Расшифровка структуры леггемоглобина могла бы, наверное, представить интерес для специалистов, изучающих связывание атмосферного азота в почве. Азот – ключевая проблема для земледелия, для животноводства. Достаточно вспомнить, что внесение в почву азотных удобрений может во много раз поднять урожайность зерновых культур: поле, которое давало 5—10 ц хлеба с гектара, после внесения удобрений может дать 40–50 ц!

Азот в почве – это хлеб, корма, это изобилие пищи и растительного сырья. Элемент, жизненно необходимый для развития всего живого, азот не может прямо из атмосферы попасть в растение, в живой организм. Азот попадает в них сложным путем и только через почву, где связыванием атмосферного азота заняты некоторые виды бактерий. Тем из них, что поселяются в корнях бобовых, для работы по добыванию азота необходим леггемоглобин. Но – сами бактерии его не производят, они получают этот белок из растения. А оно в свою очередь начинает вырабатывать леггемоглобин лишь после того, как в корнях появляются бактерии.

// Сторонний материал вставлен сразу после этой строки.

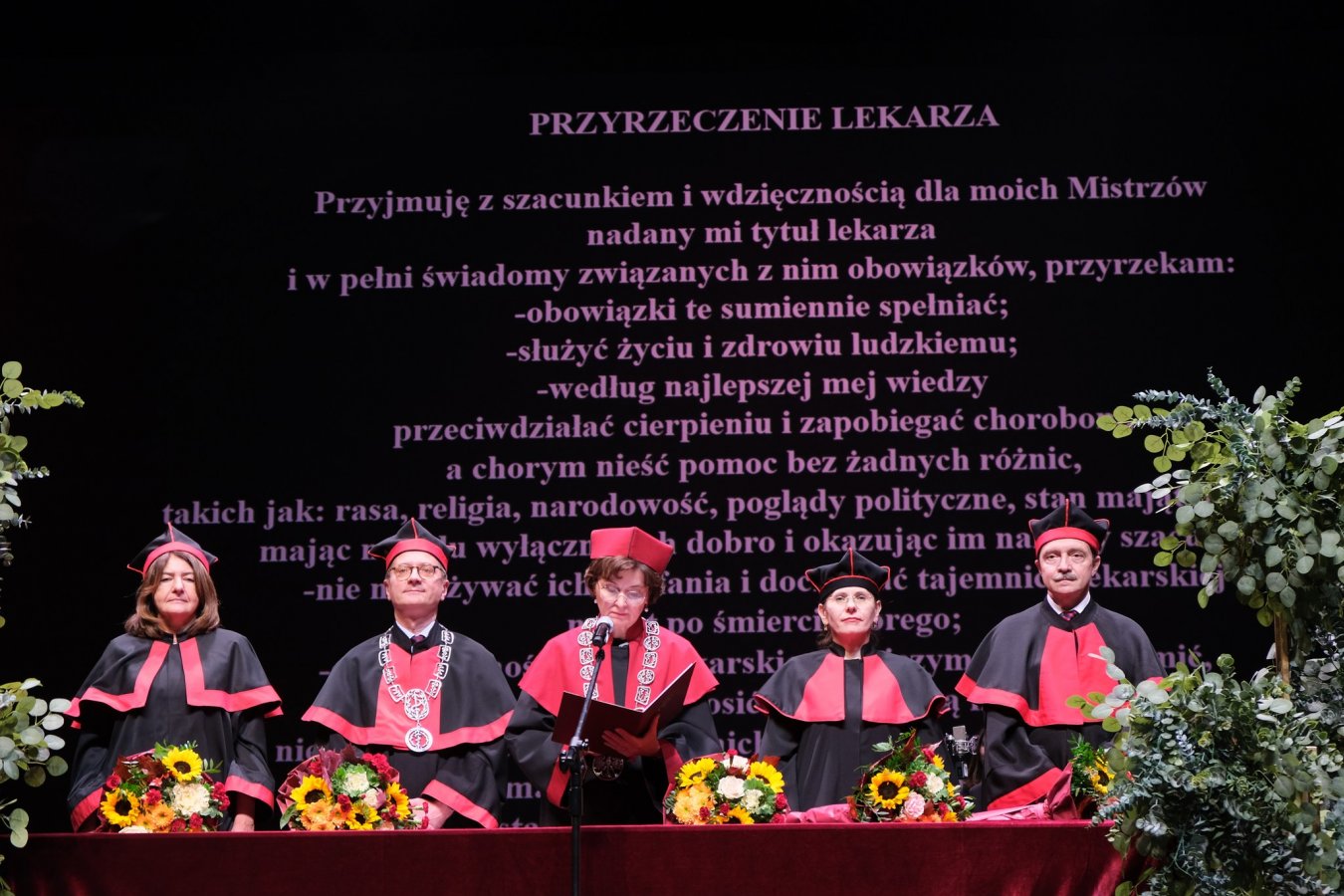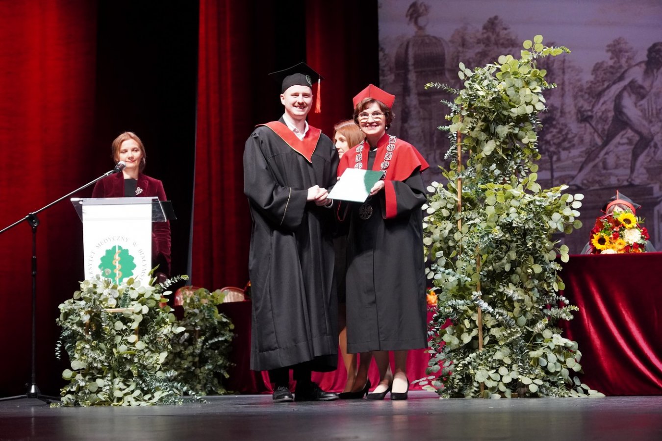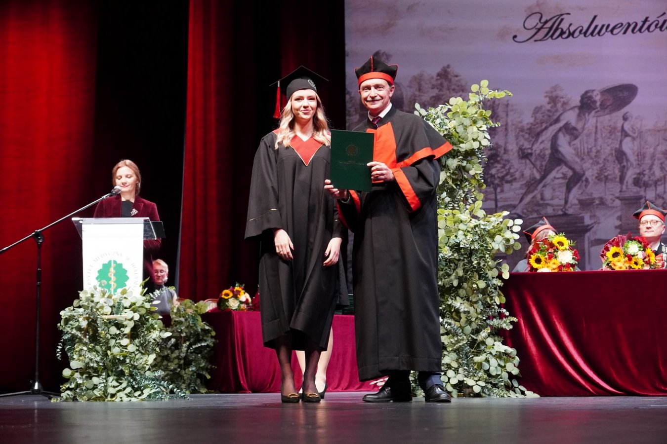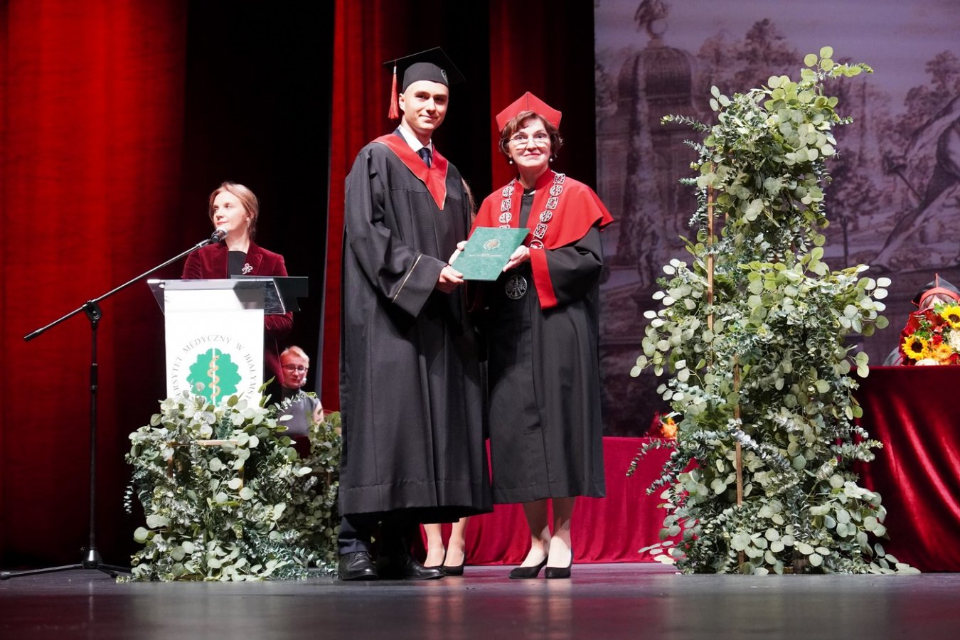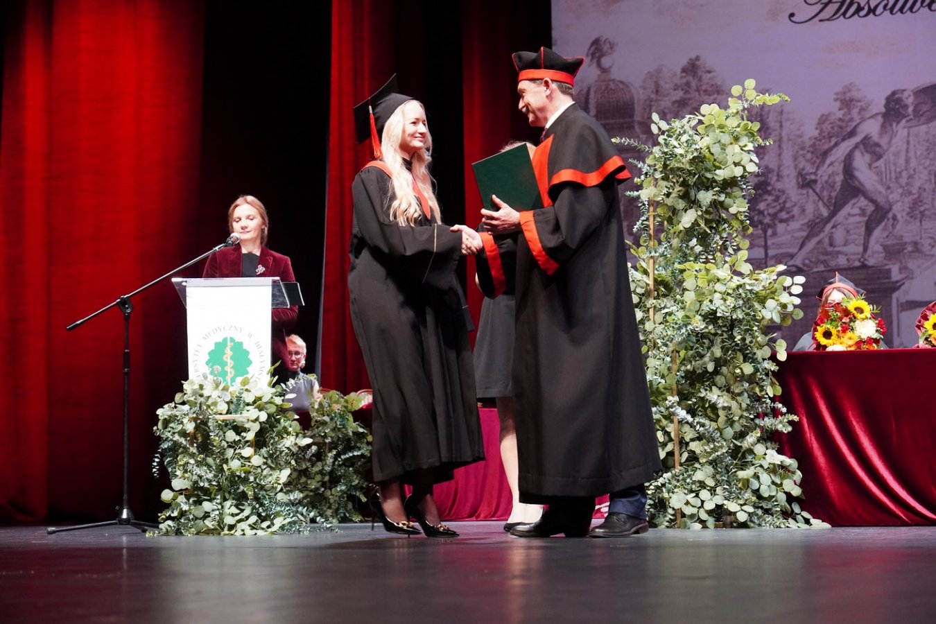 Prorektor ds. Kształcenia prof. Adrian Chabowski podkreślał emocje jakie towarzyszyły podczas studiowania: to był stres, frustracja, elementy związane z zaliczeniami i egzaminami, ale była też ambicja, żeby być lepszym, żeby poznać. I do tego potężny zasób satysfakcji: to ja to zrobiłem, to ja to osiągnąłem. I to zostanie z Wami, bo w Waszej przyszłej pracy będą te same emocje: stres, ambicja do dążenia w kierunku najlepszej diagnostyki, w kierunku najlepszego leczenia. I później to morze satysfakcji: to mój pacjent czuje się lepiej.
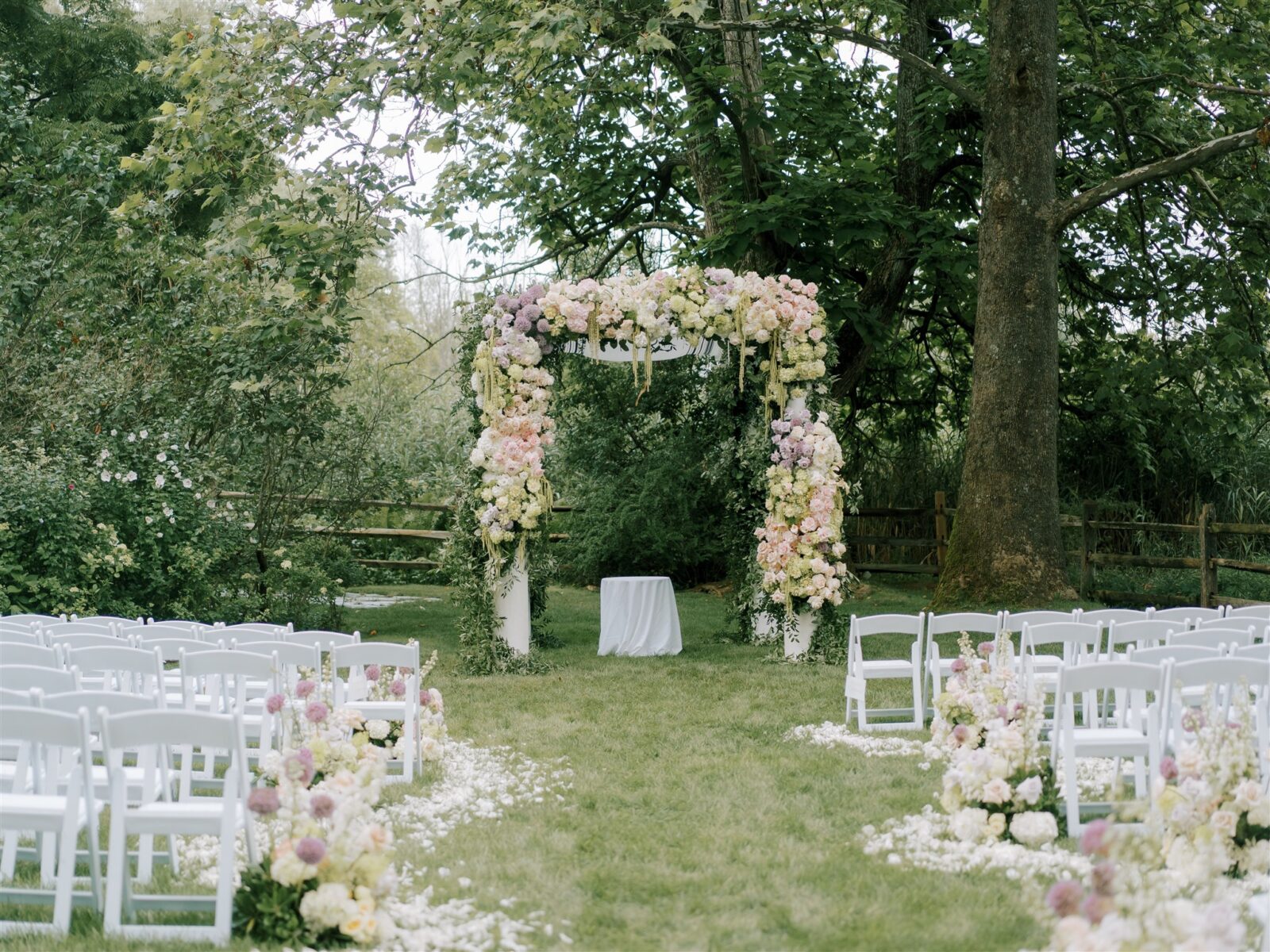 Our team can repurpose floral arrangements from your ceremony to your reception, maximizing your floral investment and maintaining a cohesive aesthetic throughout your event. Unlike offsite florists that drop arrangements off the morning of, our onsite team can repurpose your ceremony florals by moving aisle markers in front of your sweetheart table, the band’s stage, or even as centerpieces. Please note that a small repurposing fee applies for this service.

Тонкая, точно отлаженная биологическая машина, один из множества шедевров, созданных живой природой… Понять устройство такой машины, с тем чтобы, может быть, улучшить ее, это прежде всего значит в деталях выявить длинные цепочки взаимосвязанных химических превращений, выяснить устройство и функции отдельных их участков, отдельных молекул и даже молекулярных фрагментов.

Одна из ступеней высокой крутой лестницы, ведущей к такому пониманию, – расшифровка структуры леггемоглобина. После успешного завершения этой работы в различных институтах страны, в том числе и в самом Институте кристаллографии, рентгеноструктурными методами расшифрована структура многих других сложных биологических молекул.